How the Internet is changing lives one person at a time

For four years now, I have been a Non-Executive Director on the Board of the Tinder Foundation (previously the Online Centres Foundation), which co-ordinates the work of 3,800 online training centres in England. I think it is useful for me, from time to time, to visit an actual centre and see the work at the screen-face so to speak.

So, a few days ago, I visited my fourth online centre. It was located in the East End of London, just round the corner from the site of the famous 1888 Matchgirls’ Strike. The centre is located in the Eastside Youth and Community Centre and managed by Circle Housing Old Ford under the inspirational leadership of Sheniz Ildeniz.

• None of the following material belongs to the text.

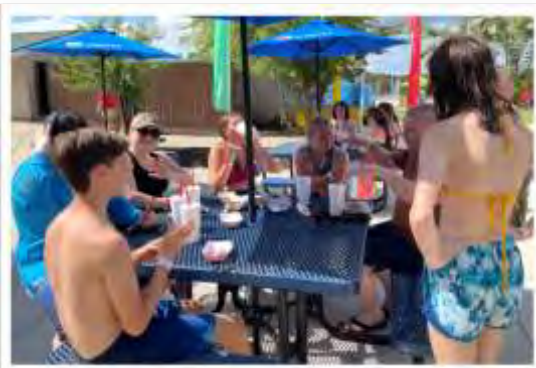
Left: MLC Youth had a great time at Point Mallard Waterpark on June 22. The next summer youth gathering is an escape room on July 22. Time TBA

I made a point of talking to each staff member and student and everyone had a story. Many were women from Bangladesh but others hailed from places like Northern Cyprus or St Lucia or East London. Each life has been touched by the Internet, whether it is improving their English, enabling them to communicate with distant relatives, allowing them to find employment information, empowering them to make an online purchase, or learning how to use social media.

I congratulated each person on his or her progress and commitment, but many of them wanted to thank me for the support that the centre is receiving from the Tinder Foundation. Truly, a humbling experience.

One Comment

  • Helen Milner

    Thanks for sharing your experience with us Roger. And thank you for all of your great support for Tinder Foundation and the online centres network.

    Love the phrase “at the screen face”. Brilliant.